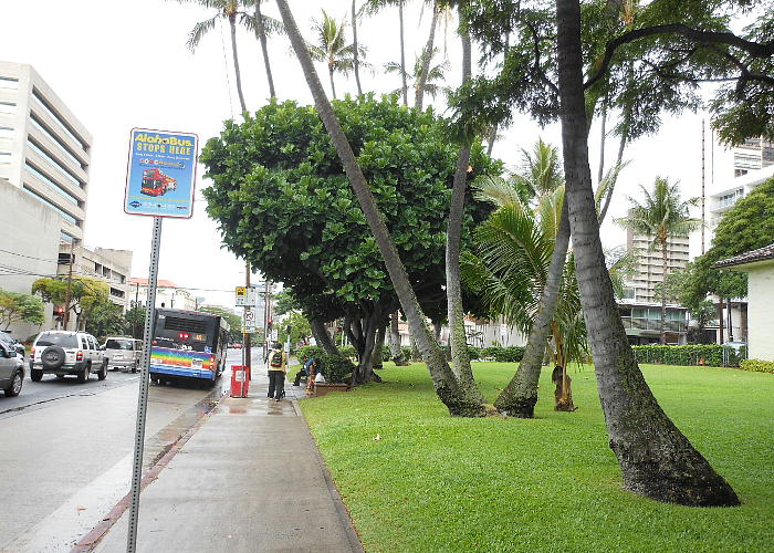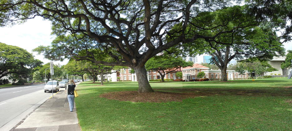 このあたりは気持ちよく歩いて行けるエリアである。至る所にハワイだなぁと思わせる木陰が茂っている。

:::::

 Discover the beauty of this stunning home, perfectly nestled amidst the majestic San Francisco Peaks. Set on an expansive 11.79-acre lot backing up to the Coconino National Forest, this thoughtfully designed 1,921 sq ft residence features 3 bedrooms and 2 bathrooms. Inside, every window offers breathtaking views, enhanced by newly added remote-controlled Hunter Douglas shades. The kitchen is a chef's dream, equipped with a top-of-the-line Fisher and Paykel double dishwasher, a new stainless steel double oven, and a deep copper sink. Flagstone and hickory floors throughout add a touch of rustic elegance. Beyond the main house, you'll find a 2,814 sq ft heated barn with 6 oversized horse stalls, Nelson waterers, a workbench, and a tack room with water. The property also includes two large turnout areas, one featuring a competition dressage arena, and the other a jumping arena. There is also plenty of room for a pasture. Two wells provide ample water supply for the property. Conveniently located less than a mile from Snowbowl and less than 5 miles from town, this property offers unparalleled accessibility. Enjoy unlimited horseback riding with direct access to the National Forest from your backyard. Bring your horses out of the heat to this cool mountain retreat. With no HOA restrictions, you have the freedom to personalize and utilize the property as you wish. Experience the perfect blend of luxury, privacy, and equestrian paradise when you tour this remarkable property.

:::::

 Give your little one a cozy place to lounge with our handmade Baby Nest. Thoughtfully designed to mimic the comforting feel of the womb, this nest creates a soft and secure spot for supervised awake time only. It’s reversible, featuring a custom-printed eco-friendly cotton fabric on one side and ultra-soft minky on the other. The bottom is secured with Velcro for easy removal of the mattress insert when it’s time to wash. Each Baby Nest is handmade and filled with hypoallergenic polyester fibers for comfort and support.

:::::

Problem to solve: Filter the listing so that only lines holding the word "designed" remain, and copy those lines.

Task response:
 Discover the beauty of this stunning home, perfectly nestled amidst the majestic San Francisco Peaks. Set on an expansive 11.79-acre lot backing up to the Coconino National Forest, this thoughtfully designed 1,921 sq ft residence features 3 bedrooms and 2 bathrooms. Inside, every window offers breathtaking views, enhanced by newly added remote-controlled Hunter Douglas shades. The kitchen is a chef's dream, equipped with a top-of-the-line Fisher and Paykel double dishwasher, a new stainless steel double oven, and a deep copper sink. Flagstone and hickory floors throughout add a touch of rustic elegance. Beyond the main house, you'll find a 2,814 sq ft heated barn with 6 oversized horse stalls, Nelson waterers, a workbench, and a tack room with water. The property also includes two large turnout areas, one featuring a competition dressage arena, and the other a jumping arena. There is also plenty of room for a pasture. Two wells provide ample water supply for the property. Conveniently located less than a mile from Snowbowl and less than 5 miles from town, this property offers unparalleled accessibility. Enjoy unlimited horseback riding with direct access to the National Forest from your backyard. Bring your horses out of the heat to this cool mountain retreat. With no HOA restrictions, you have the freedom to personalize and utilize the property as you wish. Experience the perfect blend of luxury, privacy, and equestrian paradise when you tour this remarkable property.
 Give your little one a cozy place to lounge with our handmade Baby Nest. Thoughtfully designed to mimic the comforting feel of the womb, this nest creates a soft and secure spot for supervised awake time only. It’s reversible, featuring a custom-printed eco-friendly cotton fabric on one side and ultra-soft minky on the other. The bottom is secured with Velcro for easy removal of the mattress insert when it’s time to wash. Each Baby Nest is handmade and filled with hypoallergenic polyester fibers for comfort and support.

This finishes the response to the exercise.